On to 12 volt, there was nothing to stop you fitting bulb with a dichroic coating instead of an aluminium reflector. So you could fit wrong bulb and over heat the space behind the bulb. There were two ways of getting 12 volt, one was a wire wound transformer which was heavy, lasted for years and years, but had no voltage correction, however would work zero to rated watts, so LED can be used instead of tungsten without any change to power supply.

Then we have the switch mode power supply, far better with tungsten as had voltage compensation, often called electronic transformers also much lighter and cheaper, however they often have an output window like 35 - 105 VA (VA as far as you need to know is same as watts) so fitting a bulb under 35 watt and they would close down, so not suitable for LED.

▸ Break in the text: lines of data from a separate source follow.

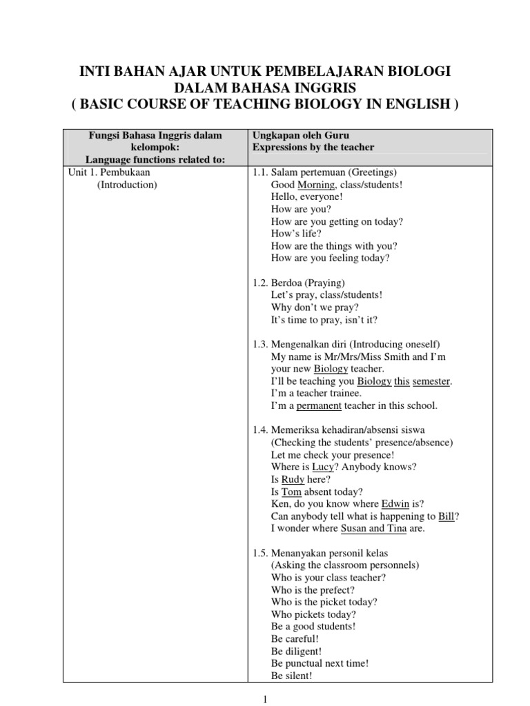 Teaching Biology In English
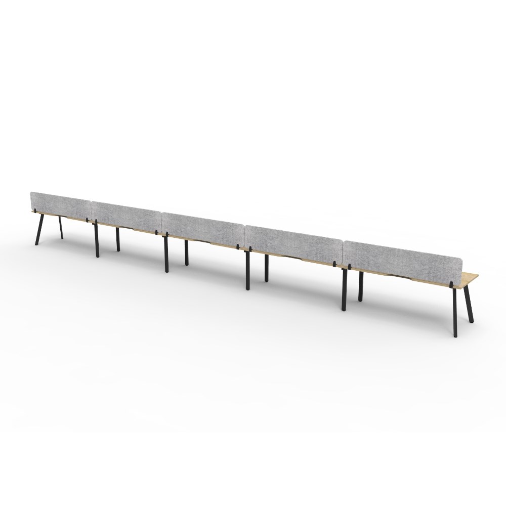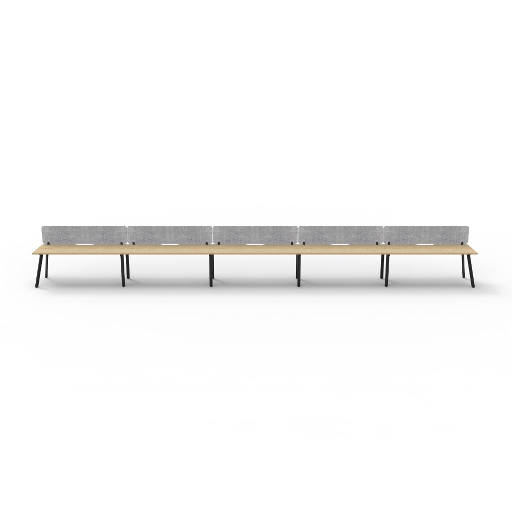 • 5 person single sided workstation with Natural Oak top and Black Satin frame, Grey Eco screen.
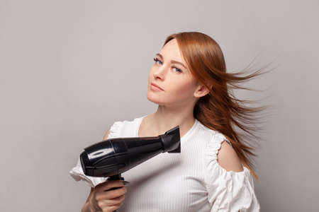 Redhead woman with blow drying hair holding hair dryer on gray wall studio background
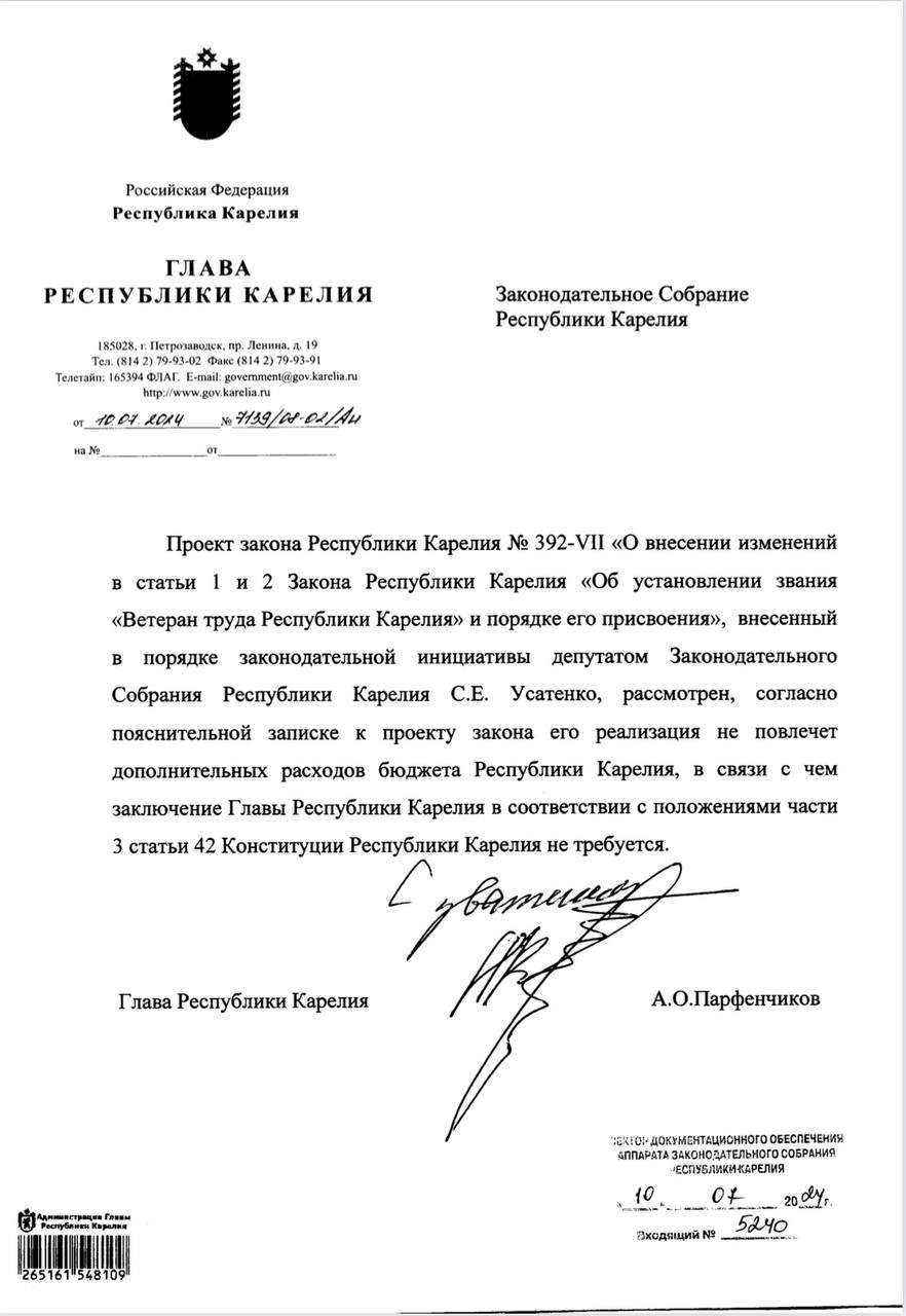 Законопроект, который внес молодой депутат от партии «Новые люди» Сергей Усатенко, вызвал настоящий резонанс. 9 июля депутаты отправили его на заключение главе Карелии, но Артур Парфенчиков предпочел не давать никакого заключения, сославшись, что раз закон не несет никаких бюджетных трат, то и заключение не требуется. Соответствующий документ он прислал депутатам.
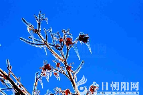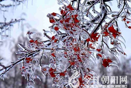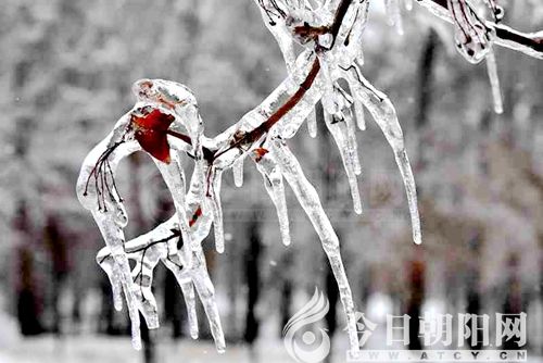 雨滴不斷地打落在這些結(jié)了冰的物體表面時,就慢慢地形成一條條冰柱。太陽出來后,在陽光的照躍下的冰柱閃閃發(fā)亮,分外妖嬈,凍雨給人們增添了秀麗動人的景色。
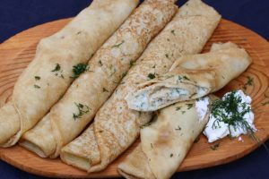 Hozzávalók: 25 dkg fejes káposzta, 1 teáskanál só, 1 evőkanál sertészsír. A töltelékhez: 25 dkg orda (vagy túró), kis csokornyi kapor, 2 evőkanál cukor. A palacsintákhoz: 25 dkg liszt, 1 tojás, 1 teáskanálnyi kristálycukor, 2 dl tej, szódavíz, 2 dl olaj, csipetnyi só.
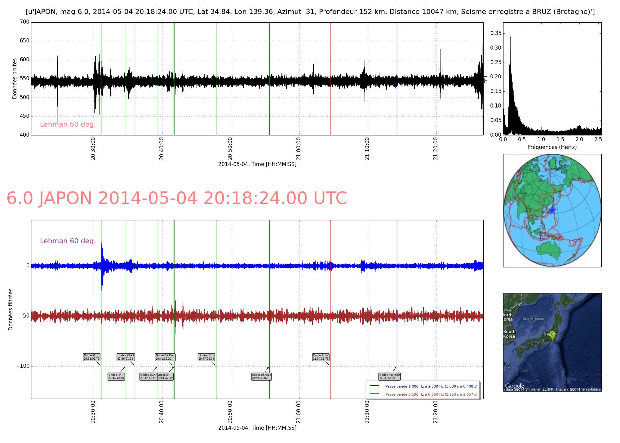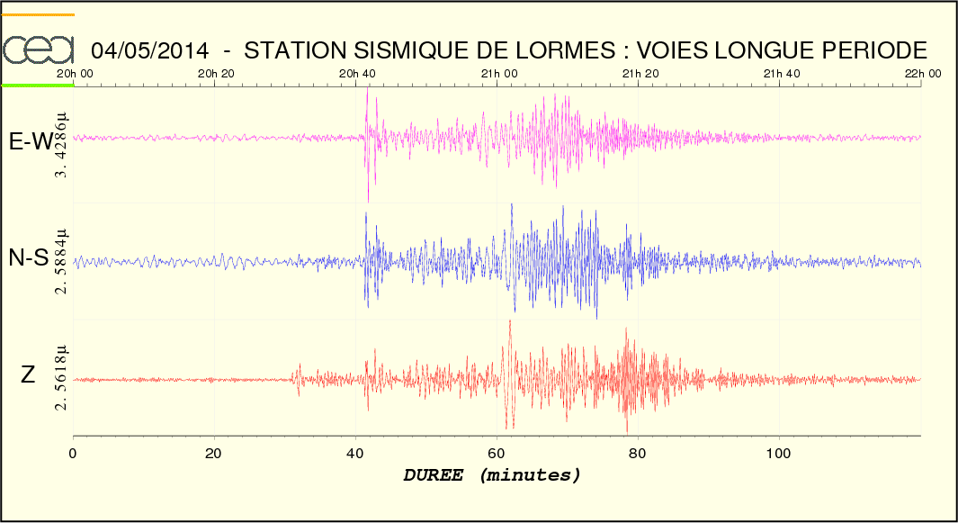 Courbe bleue (Ondes P ), courbe violette (S). Pas d'onde de surface
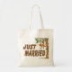 For all the jungle lover newlyweds! Featuring a monkey hanging from the vines of a tree, holding a banana. Tiger stripes spell out "Just Married" in big bold letters.
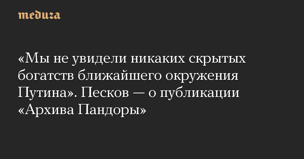 Пресс-секретарь президента РФ Дмитрий Песков заявил, что в Кремле «не увидели никаких скрытых богатств ближайшего окружения Путина» в публикациях «Архива Пандоры» — серии расследований об офшорах политиков и чиновников из разных стран, в том числе России.

Quartz bulbs should never be dimmed, the temperature of the quartz is that hot the tungsten will not stick to it, so returns to the filament, so with a quartz replacement often they also can't be dimmed, with LED there are three ways to limit the current, simple resistor, a capacitor or a switch mode module. So some are AC only and AC at 50 Hz, some are AC/DC and some DC only the latter normally more expensive and really designed for boats and caravans with a voltage 10 to 30, so DC types not found in most shops. The AC type normally state 50 Hz on them and you need a wire wound transformer for them.

For the MR16 replacement LED bulb it is rare that they need DC so not a driver, but a transformer. Driver should mean current regulated, however same name often used for voltage regulated. So have to be careful even with a 10 to 30 volt DC MR16 they may not work with a voltage regulated driver as often out put is not smoothed.

Old house has some 12 volt (extra low voltage) pods in the bathroom with a wire wound transformer where I have some Lidi 50 Hz LED lamps and works fine, new house are all 230 volt (low voltage) GU10 lamps.

Note in USA 12 volt is low voltage, every where else it's called extra low voltage, and 230 volt is low voltage, but some times lamps are incorrectly labelled.